A DAY TO REMEMBER『YOU'RE WELCOME』(2021)
2021年3月5日にリリースされたA DAY TO REMEMBERの7thアルバム。現時点で日本盤未発売。
全米2位という快挙を成し遂げた前作『BAD VIBRATIONS』(2016年)から4年半ぶりとなる今作は、レーベルを新たにFueled By Ramenへと移して最初のアルバム。プロデューサーにはコリン・ブリテン(ALL TIME LOW、ONE OK ROCK、PAPA ROACHなど)とメンバーのジェレミー・マッキノン(Vo)を迎えて制作されました。
初期こそポップパンクの流れを汲むバンドでしたが、ここ数作はメタルコア色を強めており、今作ではモダンなエレクトロポップのテイストを散りばめつつも、随所でメタルコア的ヘヴィさを響かせる非常に“イマドキ”のHR/HMサウンドを展開しています。

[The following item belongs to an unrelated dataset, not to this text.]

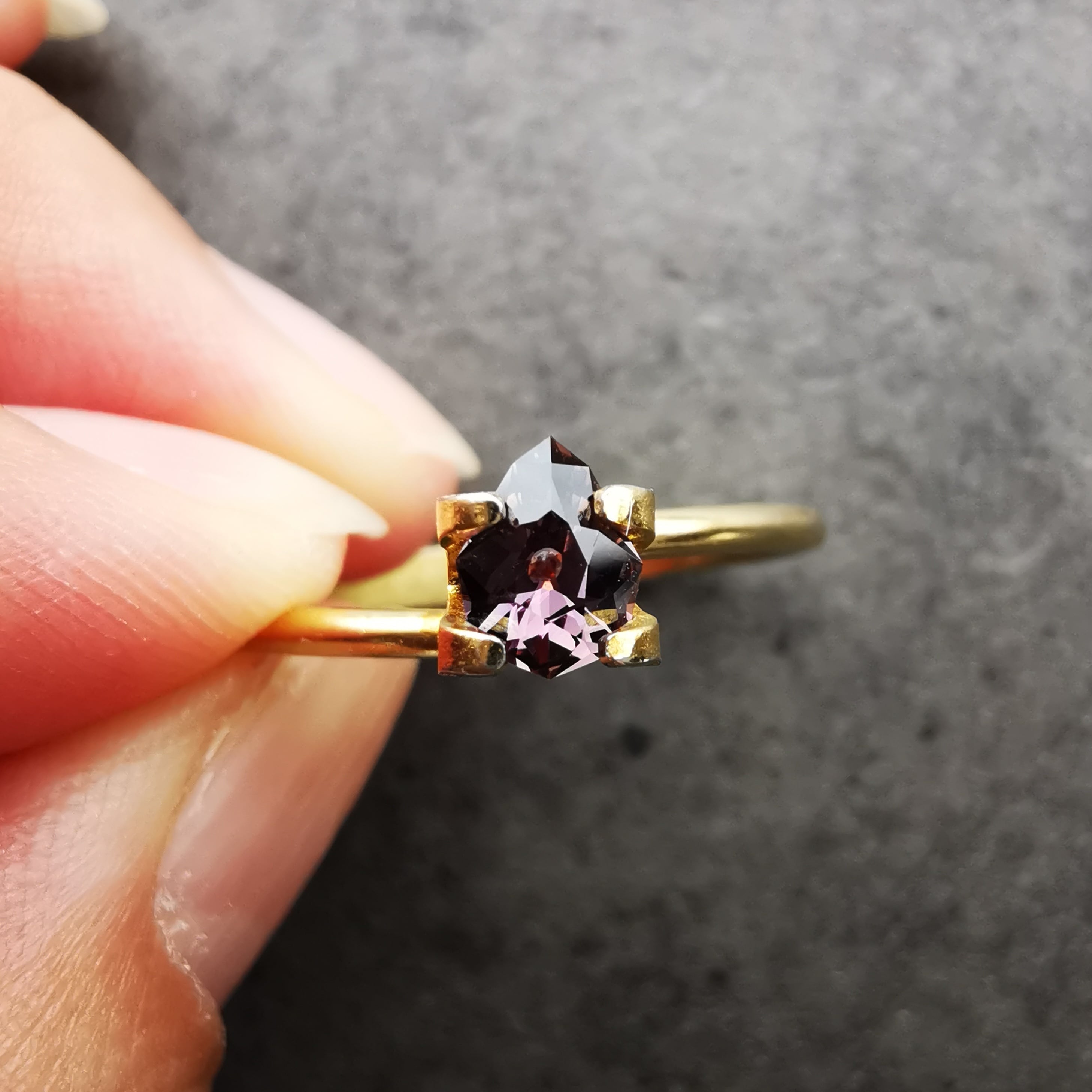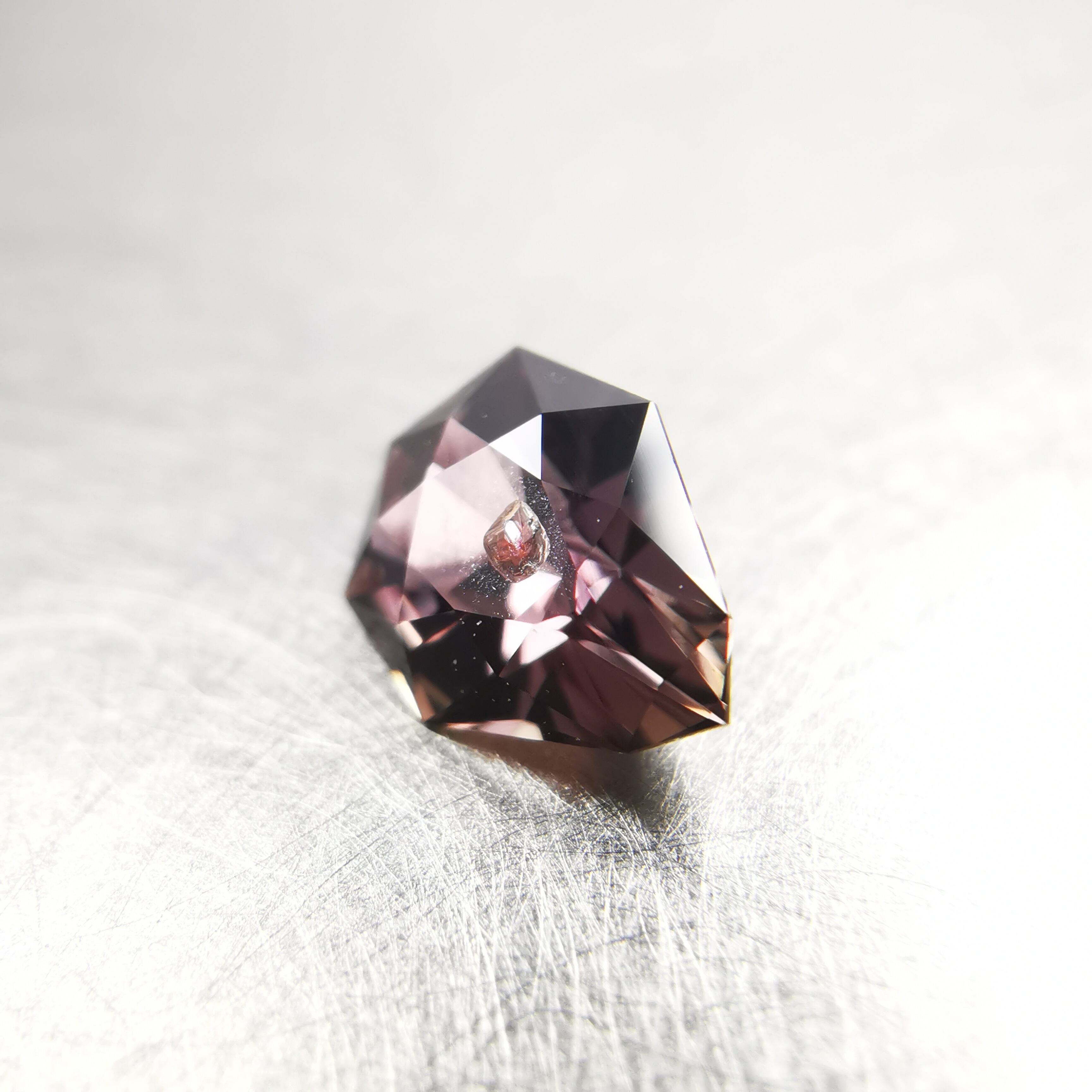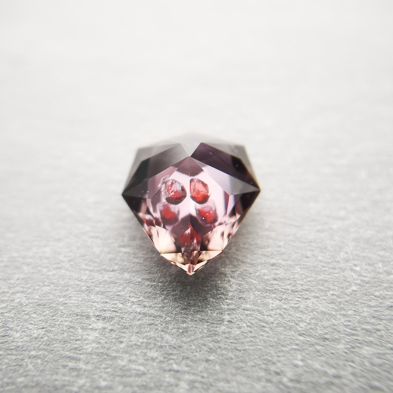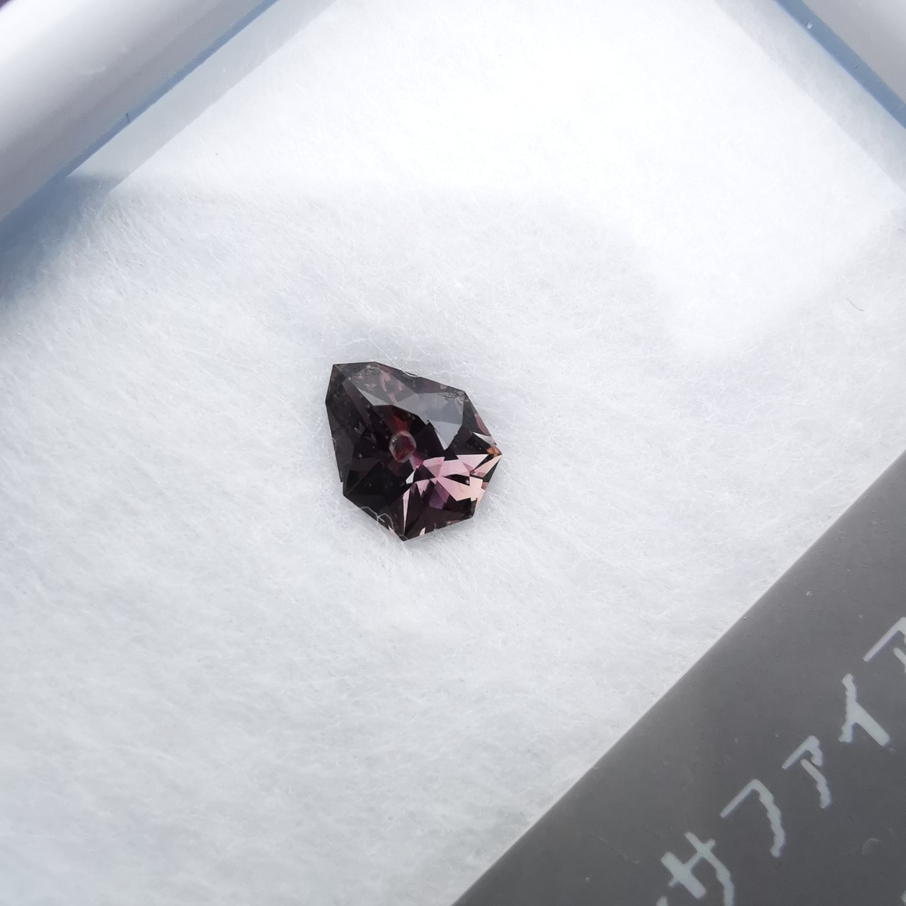 つい、目がガーネットに吸い寄せられますが、ダークな中から、淡いピンクとわずかにイエローがきらめくサファイアです。

1曲1曲の楽曲の強度も非常に高いものがあるし、なによりもアルバムを通して聴いていて非常に心地よく楽しめる。過激さこそ皆無ですが、繰り返し楽しむことができる良盤だと断言できるでしょう。
ボーカルプロダクションも、メロディアスさを全面に打ち出しつつ要所要所でスクリームを織り交ぜる。また、低音&高音のオクターブ・ツインボーカルもポップさを強調する良い武器にあっており、それらが先のエレポップ風メタルコアサウンドにマッチしている。決して新しい手法ではないですし、なんなら手垢の付きまくった作風でもありますが、この作品においては不思議といやらしく感じられないのですから、不思議なものです。
こういった先人たちが生み出してきた小技を的確に使いこなすことで、メタルコア/ラウドバンドとしての王道感がより強まっているように感じられるというのもあり、改めて賢いバンドだなあと実感。思えばプロデューサーのコリンはワンオクや5 SECONDS TO SUMMERなどモダンなバンドを手がけるほか、アヴィーチーの作品にも参加した経験の持ち主。なるほど、納得です。
全体を柔らかでしなやかな空気感で包み込むからこそ、「Resentment」のようなメタルコアテイストの楽曲や「Viva La Mexico」みたいなアリーナロック的作風のナンバーがより映える。そういった楽曲の活かし方も非常にわきまえた、鉄壁の1枚ではないでしょうか。
こういう音、日本のリスナーにめちゃめちゃウケそうな気がするのですが……いかがでしょう?